Dr. Samir Kumar Adhikari, assistant spokesperson for the Ministry of Health and Food Security, said the requirement for hospitals to reserve 10 percent of beds for poor patients has been in place since 2014 and is not a new policy. The only new element, he said, is the online portal, which is designed to make the system transparent and hold hospitals accountable.


"The 10 percent free service requirement already existed. Only the portal is new," Adhikari said.


He said the ministry introduced the portal after receiving complaints that private hospitals were not providing the mandated free treatment. Hospitals, meanwhile, claimed that eligible patients were not coming to use the service. The portal is intended to verify both claims through public monitoring.


The government has also established burn units in federal and provincial hospitals across all seven provinces. Under its governance reform agenda, the ministry has approved 977 new health sector positions and directed hospitals to speed up the delivery of scanned medical reports.


Monitoring has been carried out at hospitals including Bir Hospital, Gangalal National Heart Center and Kanti Children's Hospital to improve service quality. According to Adhikari, the ministry has also kept air ambulances on standby in collaboration with the Nepal Army and helicopter operators in the Far West and eastern regions for emergency services. Other measures include promoting generic drug prescriptions, opening affordable hospital pharmacies, introducing digital ticketing systems and complaint management systems, with implementation underway in several hospitals.

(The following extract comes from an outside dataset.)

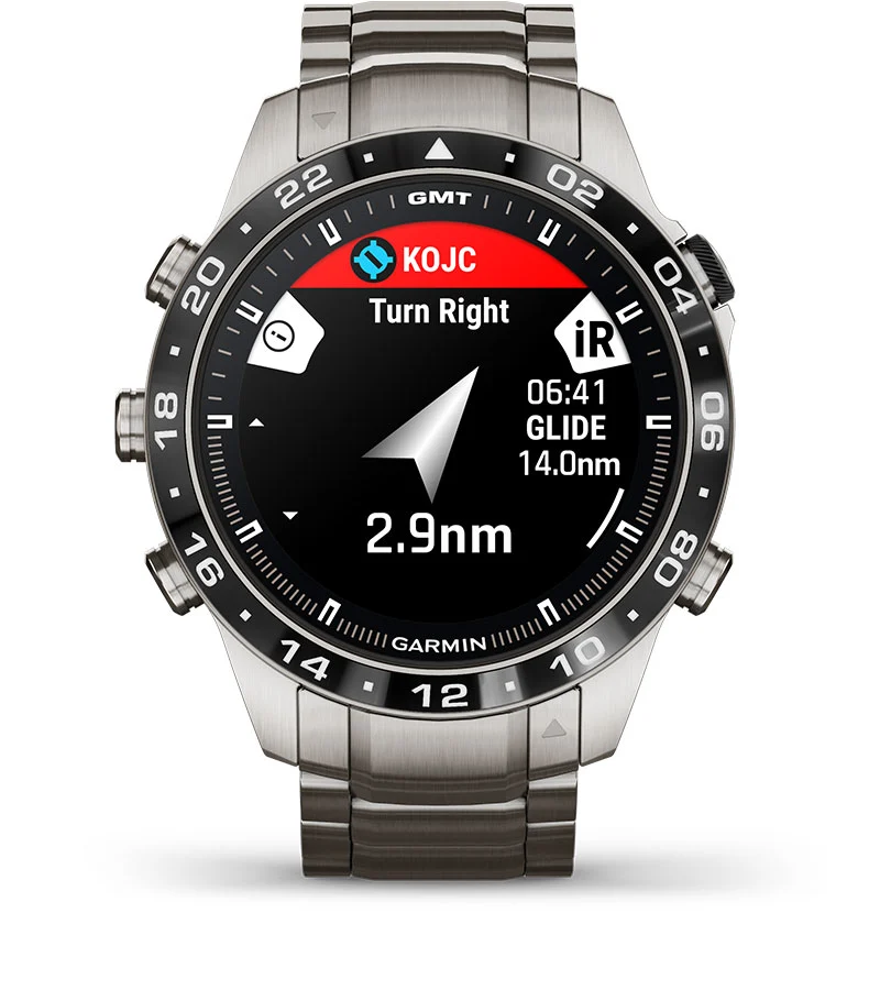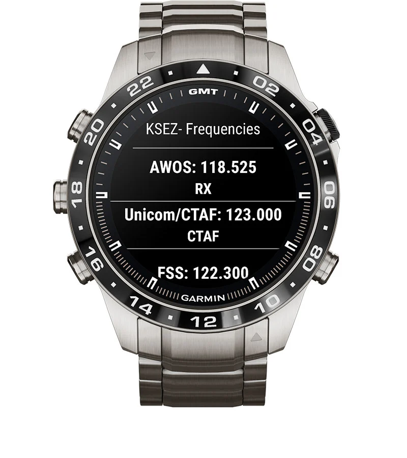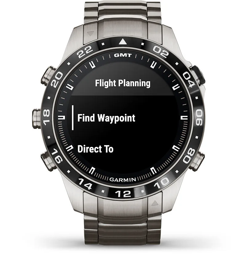 Transfiere tu plan de vuelo de la aplicación Garmin Pilot™ al reloj MARQ Aviator y consulta la lista de waypoints que incluye la ruta.

Mahendra Shrestha, former additional secretary at the former Ministry of Health and Population, said the government's first three months have not produced meaningful results in the health sector. He argued that the reform agenda has failed to address broader public health needs.


According to Shrestha, federal and specialized hospitals continue to struggle with overcrowding, limited access to services and long waiting times for surgery. He said meaningful improvement would remain out of reach until basic hospitals are strengthened.


"Public health management and service delivery at primary level hospitals remain weak. Unless those hospitals improve, the patient burden on federal hospitals will not decline, making quality care difficult to deliver," he said.